Block Matrix Multiplication

Let’s say you have two block-partitioned matrices:

\[A = \begin{bmatrix} A_{11} & A_{12} \\ A_{21} & A_{22} \end{bmatrix}, \quad B = \begin{bmatrix} B_{11} & B_{12} \\ B_{21} & B_{22} \end{bmatrix}\]

If the inner dimensions match (i.e., each block multiplication is defined), you can compute the product blockwise:

\[AB = \begin{bmatrix} A_{11} B_{11} + A_{12} B_{21} & A_{11} B_{12} + A_{12} B_{22} \\ A_{21} B_{11} + A_{22} B_{21} & A_{21} B_{12} + A_{22} B_{22} \end{bmatrix}\]

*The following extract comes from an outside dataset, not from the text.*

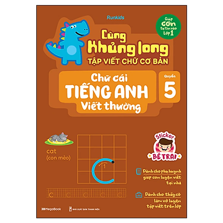 Sách Cùng Khủng Long Tập Viết Chữ Cơ Bản - Chữ Cái Tiếng Anh Viết Thường - Quyển 5 - Sticker Bé Trai
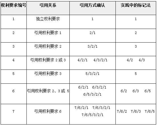 在上表中給出的權(quán)利要求引用關(guān)系中,在判斷時(shí)每個(gè)權(quán)利要求的每個(gè)方案都必須單獨(dú)被對(duì)待。對(duì)于其中存在的多項(xiàng)引用權(quán)利要求(上表中的權(quán)利要求4、6和7),當(dāng)其接到拒絕理由、限制要求或?qū)彶閱T的其他要求或意見時(shí),可僅針對(duì)單個(gè)權(quán)利要求提出。例如,對(duì)于權(quán)利要求4引用權(quán)利要求2的方案、權(quán)利要求4引用權(quán)利要求3的方案,當(dāng)遇到反對(duì)理由時(shí),可僅在反對(duì)理由中針對(duì)權(quán)利要求4提出。

So instead of multiplying the full matrices all at once, you’re multiplying and adding smaller blocks—this is especially useful in large-scale computing.


Applications

Block matrices show up in more places than you might expect:

  • Distributed computing: In big-data systems like Spark or Dask, matrices are often partitioned into blocks for parallel processing. Each node handles a piece.

  • Mini-batch learning: In neural networks, training often happens on batches. Each mini-batch can be viewed as a block of the full data matrix.

  • Multi-modal learning: Say you’re combining image features and text features—each type can be represented as a block in a larger feature matrix.

  • Graph learning: Adjacency matrices of graphs can be block-partitioned to reflect communities or clusters. This is helpful in spectral clustering or modularity detection.

Block matrices are one of those “simple once you see it” ideas. They don’t just make computation faster—they also mirror the real-world structure in many ML tasks. If your data or model has parts, blocks are a natural way to think and compute.


Final Thoughts

We started with a humble matrix and ended up unlocking a toolkit that powers nearly every machine learning algorithm today. Whether you’re transforming features, training deep nets, or decomposing graphs—matrices are behind the scenes, doing the heavy lifting.